Thursday, September 3, 2009

THE HEAT IS ON

UN endorses India on climate change

TIMES NEWS NETWORK


New Delhi: For the first time, a UN agency has endorsed India and developing countries on the climate change front. In its World Economic and Social Survey Report 2009, the UN said rich countries had consumed more than their fair share of carbon space and needed to take deep emission cuts if the new climate agreement was to be equitable.

The survey said investments in energy infrastructure would have to be doubled from the existing $500 billion per year to $1 trillion and there was a need to spend approximately $20 trillion by 2030 to move the world to a low carbon growth path.

The report, released on Wednesday by Sunita Narain, director of Centre for Science and Environment, warned that industrialised countries had already emitted 209 gigatonnes of carbon.
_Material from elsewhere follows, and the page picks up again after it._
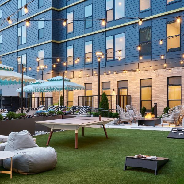 Socialize with friends in the outdoor lounge area and grilling area, or enjoy the poolside courtyard with firepits, and outdoor games.

If the rise in global temperatures was to be kept below 2°C, industrialised countries would have to reduce their emissions by more than 100% below 1990 levels by 2050.

At present, industrialised countries have not agreed to reduce their emissions by even 40% below 1990 levels by 2030 and 80% by 2050.

Releasing the report, Narain said: “The report makes it clear that to avert climate catastrophe, industrialised countries have to take deep emission cuts and the developing countries have to participate. But in this new global deal, the participation has to be conditional on transfer of technology and funding.”

The report, coming months before the critical UN negotiations lead to an agreement in December at Copenhagen, could provide another weapon in the Indian arsenal when it asks the rich nations to bear the burden of their ‘historic responsibility’ in emitting greenhouse gases.

The UN survey pointed out that in a fair deal, industrialised countries should only occupy 21% of the global carbon budget. But it added that even under the most ambitious proposal from the rich nations, they would end up consuming 48% of the budget, at the cost of the poorer nations.

The report also recommended a global clean energy fund, a better carbon trading mechanism and a forestrelated financing mechanism.